● Required work
Wherever a line in the data below holds "Corydalis", copy that line.

● Dataset extract

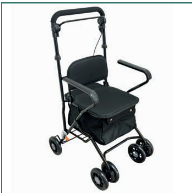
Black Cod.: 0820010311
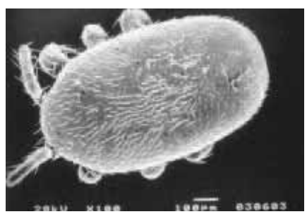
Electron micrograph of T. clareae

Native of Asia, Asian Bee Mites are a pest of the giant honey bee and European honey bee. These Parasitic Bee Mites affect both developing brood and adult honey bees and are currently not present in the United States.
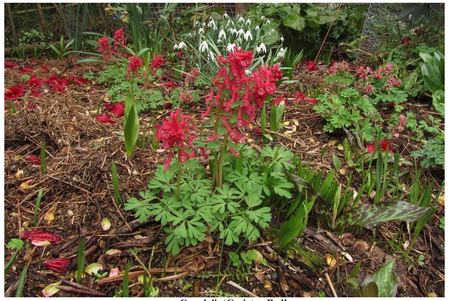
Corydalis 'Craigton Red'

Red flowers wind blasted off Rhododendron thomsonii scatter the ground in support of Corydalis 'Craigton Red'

...

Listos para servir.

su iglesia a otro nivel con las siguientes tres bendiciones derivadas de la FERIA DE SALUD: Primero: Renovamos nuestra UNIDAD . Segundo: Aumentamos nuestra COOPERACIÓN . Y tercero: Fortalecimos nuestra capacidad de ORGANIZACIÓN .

==

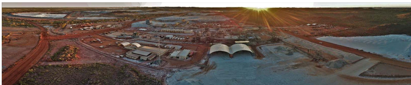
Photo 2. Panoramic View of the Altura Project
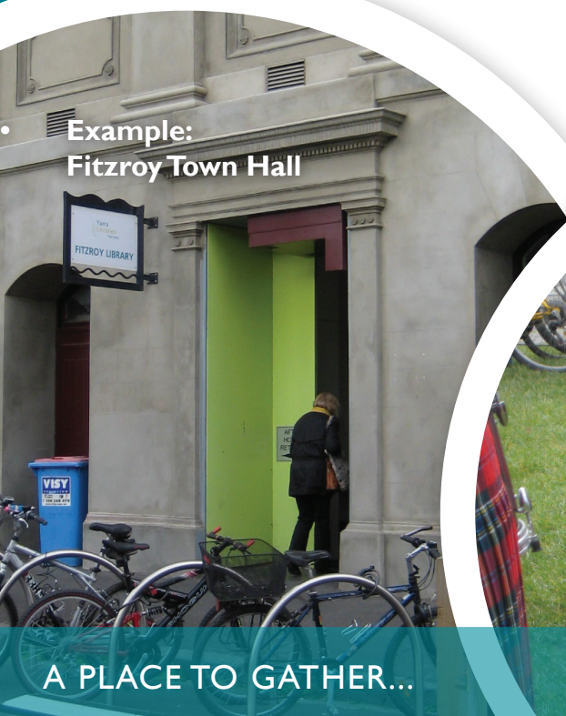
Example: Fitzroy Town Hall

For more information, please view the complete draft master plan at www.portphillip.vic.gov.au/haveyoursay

● Answer
Corydalis 'Craigton Red'
Red flowers wind blasted off Rhododendron thomsonii scatter the ground in support of Corydalis 'Craigton Red'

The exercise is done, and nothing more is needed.